A key insight from a ongoing display is how it maps these clinical themes through works that, at first glance, seem entirely abstract. During the middle of the 1980s, the artist created a group of shaped canvases – geometric shapes, subsequently labeled. Art writers grouped them with the popular geometric abstraction trend. Yet, the actual inspiration was found subsequently, during an archival review of her possessions.

“I asked her, how do you produce the trapeziums?” recalls a friend. “And she told me, it’s very simple, it’s a human face.” The distinctive hues – termed “Schubert red” and “Schubert blue” by peers – matched the precise colors used for drawing neck vasculature in anatomy books in a manual for surgical anatomy used across European medical faculties. “The connection was that both colors surfaced simultaneously,” the narrative adds. The angular paintings were actually abstracted human forms – created concurrently with her daytime medical drawing.

A Turn Towards the Organic

In the late 70s and early 80s, Schubert’s practice took another turn. She began creating installations from branches bound with leather. She positioned gatherings of osseous material, floral remains, seasonings and cinders. Inquired regarding the change to ephemeral components, she expressed that the art world had become “barren theoretically”. She was driven to cross lines – to engage with truly ephemeral substances as an answer to conceptually sterile work.

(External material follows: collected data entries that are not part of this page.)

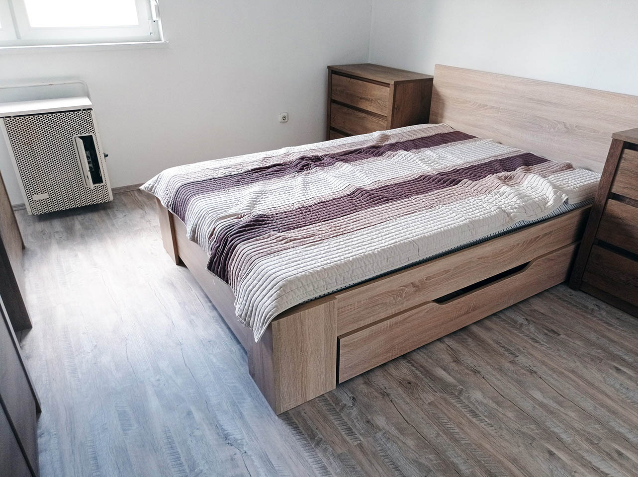 Ettől még persze szegénynek mennie kell, különösen azért, mert ötven évvel ezelőtt a kor legmenőbb trendjeihez híven, a parkettát közvetlenül az aljzathoz ragasztották, ami miatt szegény alattunk lakó minden egyes lépésünket kisebb földrengésként élhette meg.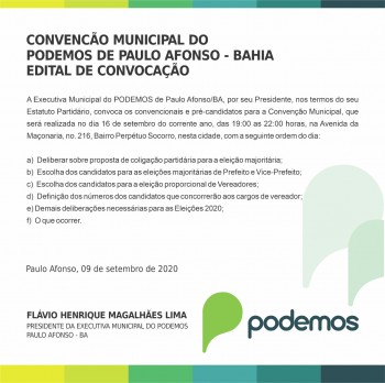 Mais uma legenda em Paulo Afonso está pronta para sua convenção municipal. O PODEMOS está convidando todos os convencionais e pre candidatos(as) para o evento, marcado para a próxima quarta-feira (16), às 19h, na Avenida da Maçonaria, 216.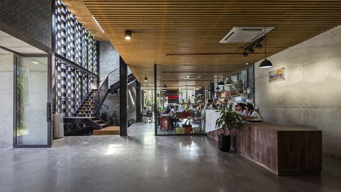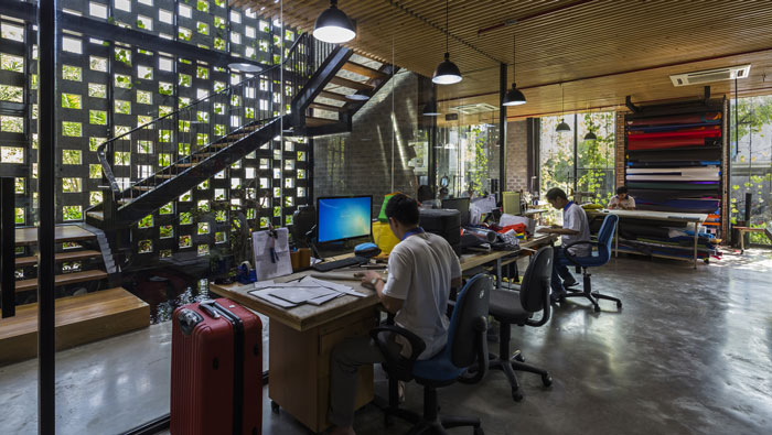 服裝廠房二樓辦公區(qū)裝修設計:綠色在整個空間隨處可見,這都歸功于外界的綠植藤蔓,這些天然的綠植,將空間裝扮得自然、舒適,這也正是自然的魅力,廠區(qū)與自然和諧相處。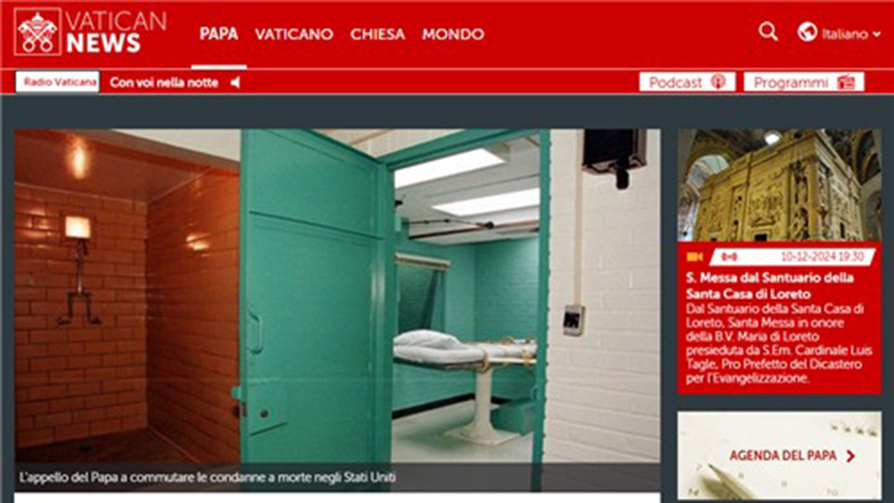 ▲ 프란치스코 교황이 일요일인 지난 8일 주일 정오 기도에서 미국 사형수들의 감형을 촉구한 사실을 전한 교황청 공식 매체 '바티칸 뉴스' 화면 캡처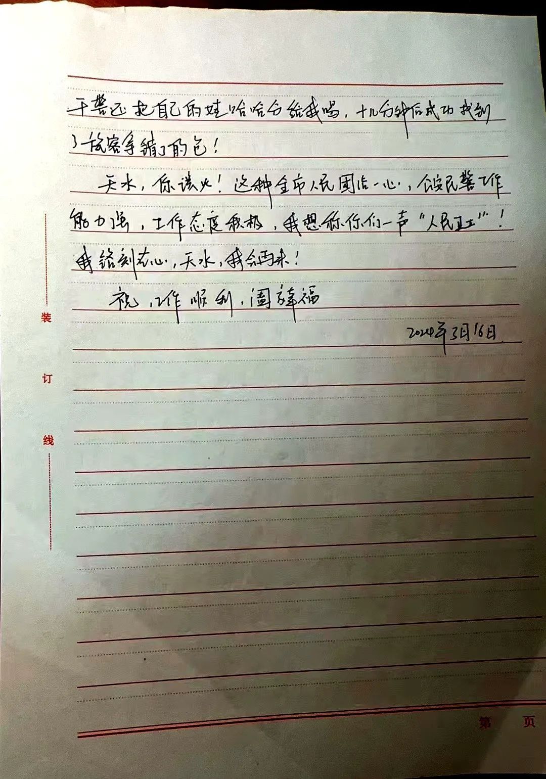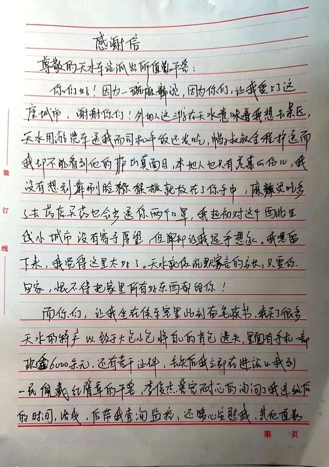 “旅游打卡过很多城市,唯独在天水,我不仅看到了美丽的风景,更感受到了天水人民的温暖和善良。你们的帮助让我感受到了家的温暖,也为我这次的旅程增添了一份难忘的记忆,这份感动我会永远铭记于心。谢谢你们,谢谢你们让我感受到了不一样的美好!”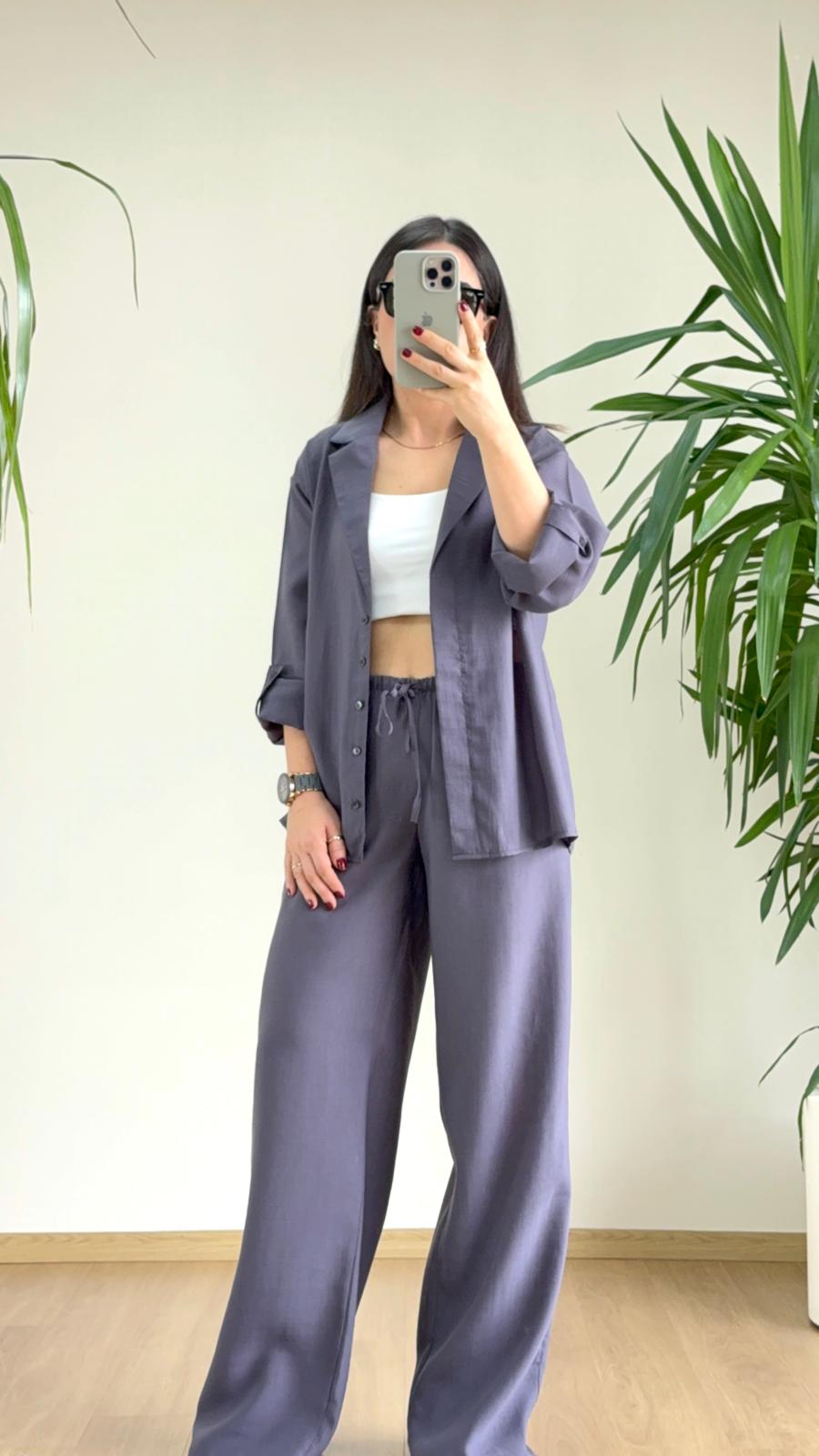 Trendlerin ötesinde, kalıcı ve güçlü bir stil sunan gri Tensel takım; sadeliğin içindeki ihtişamı keşfetmek isteyenler için vazgeçilmez bir parça. Şıklığı abartıya kaçmadan yaşamak isteyen kadınlar için tasarlanan bu kombin, her anınıza zarif bir dokunuş katmak için hazır.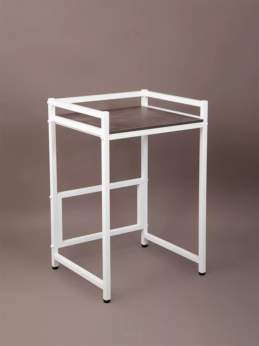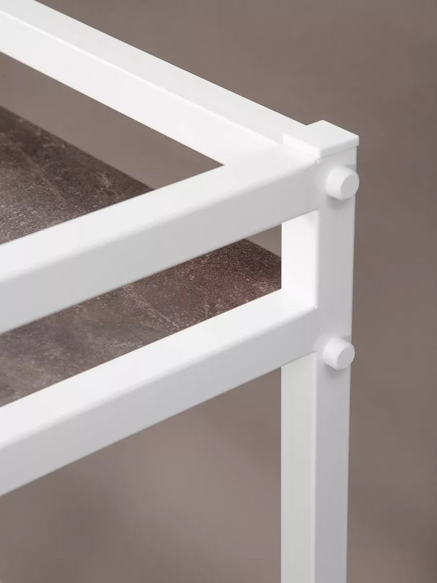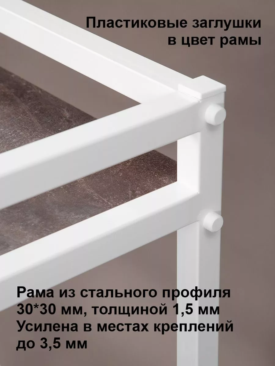 Рама этажерки изготовлена из прочного стального профиля 30*30 мм, с толщиной стенок 1,5 мм. Также в местах креплений стенки профиля усилены шайбами, достигая толщины 3,5 мм. Пластиковые заглушки в цвет корпуса позволяют скрыть элемента крепежа и торцевые части рамы. Стеллаж выглядит красиво и аккуратно!
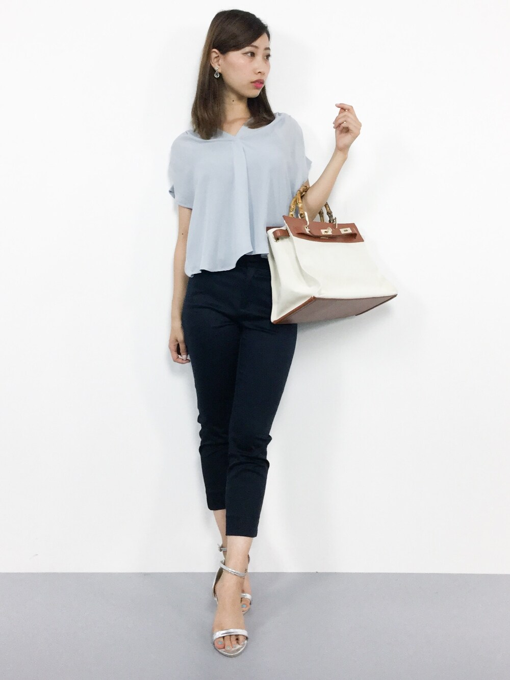 オフィスカジュアルコーデ◎ 伸縮性のあるパンツは スッキリシルエットで 脚がきれいに見えますよ(^O^)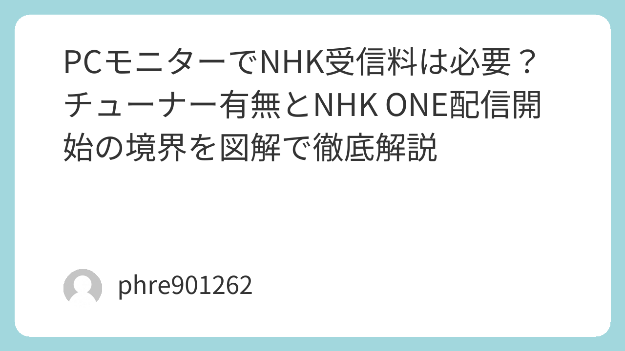 PCモニターでNHK受信料は必要?チューナー有無とNHK ONE配信開始の境界を図解で徹底解説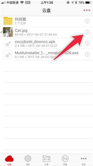 进入目标文件详情页,点击右侧的信息图标(如图红箭头所示)。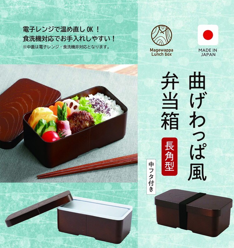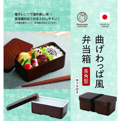 カクセー 曲げわっぱ風 弁当箱 茶 TW-08 長角型 日本製 まげわっぱ お弁当箱 食洗機対応 電子レンジ対応【送料無料】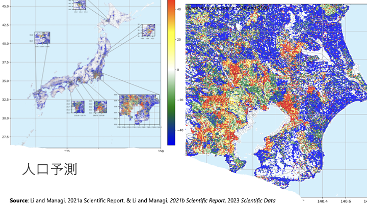馬奈木:最近は少しずつ取れるデータが増えてきています。例えば、収入が低い層(税金を払っていない層)が、日本国内でどこにどのくらい住んでいるかを、衛星画像を使って2100年まで予想することができました。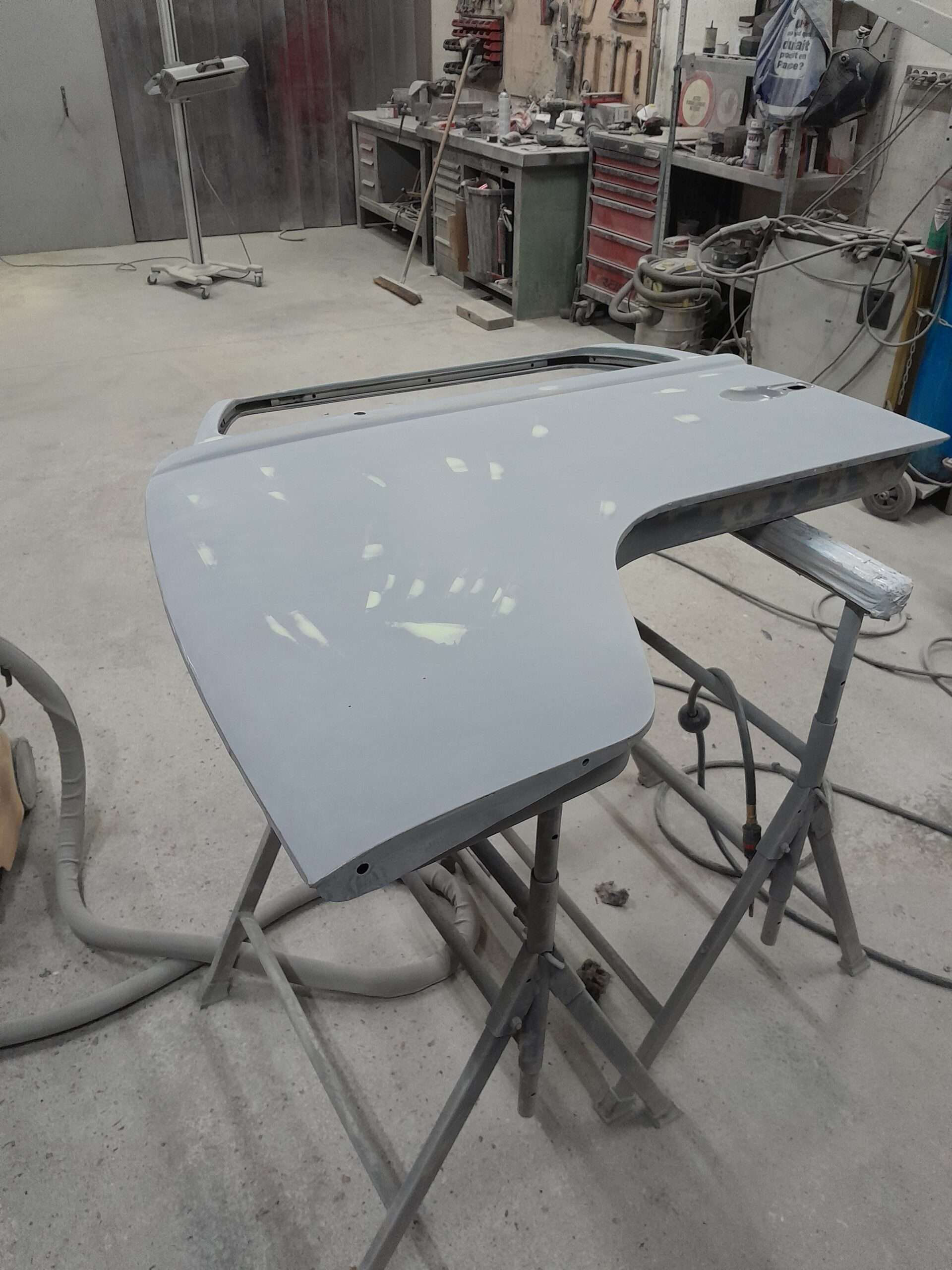 Préparation de notre prochain chantier de carrosserie cette ovale de 1955 entièrement refait à l’époque au plâtre. Plus de 3cm a certains endroits, nous avons rarement vu cela. Tout ce produit sera enlevé avant de partir au sablage.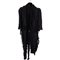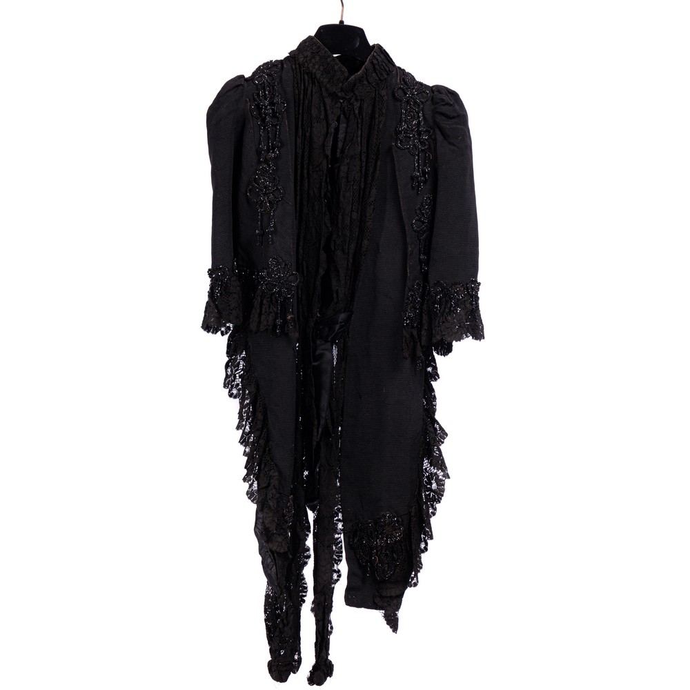 Mantella alla pellegrina interamente in gros dal taglio movimentato da due fasce verticali sul davanti e mantellina a copri maniche sulle spalle. Chiusura frontale fornita di sette ganci e rivestita da fasce di arricciature in pizzo meccanico. Dappertutto applicazioni di grossi cordoni floreali in coralline color nero alternate a fasce di pizzo meccanico. Epoca 1890.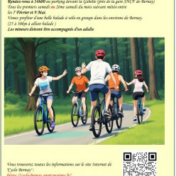 Le club "Cyclo Bernay" est heureux de vous proposer une balade à vélo ouverte à tous autour des environs de Bernay. Le rendez vous est donné ce samedi 7 février 2026 à 14h00 sur le parking devant la Gabelle près de la gare de Bernay. (sauf si météo...

One work from 1979, 100 Roses, involved her removing petals from a hundred blooms. She wove the stems into circles on the ground positioning the floral remnants in the center. When encountered during exhibition preparation, the work maintained its impact – the leaves and petals now completely dried out though wonderfully undamaged. “You can still smell the roses,” a commentator notes. “The hue has endured.”

An Elusive Creative Force

“My aim is to remain enigmatic, to conceal my process,” Schubert confided during one of her final conversations. Obscurity was her technique. At times, she showed inauthentic creations concealing genuine artworks beneath her bed. She eradicated specific works, leaving only signed photocopies in their place. Despite exhibiting at major international biennales and being celebrated as a pioneering figure, she gave almost no interviews and her art was predominantly unrecognized abroad. A current museum exhibition is her first major solo show outside her homeland.

Confronting the Violence of War

Then came the 1990s, and the Yugoslav Wars. War came to her city. The artist answered with a group of mixed-media works. She adhered press images and headlines onto panels. She photocopied and enlarged them. Then she obscured the surface with paint – dark stripes akin to product codes. {Geometric forms obscured the images beneath|Angular shapes hid the pictures below|

Jamie Hernandez
Jamie Hernandez

A tech entrepreneur and writer with over a decade of experience in digital transformation and startup ecosystems.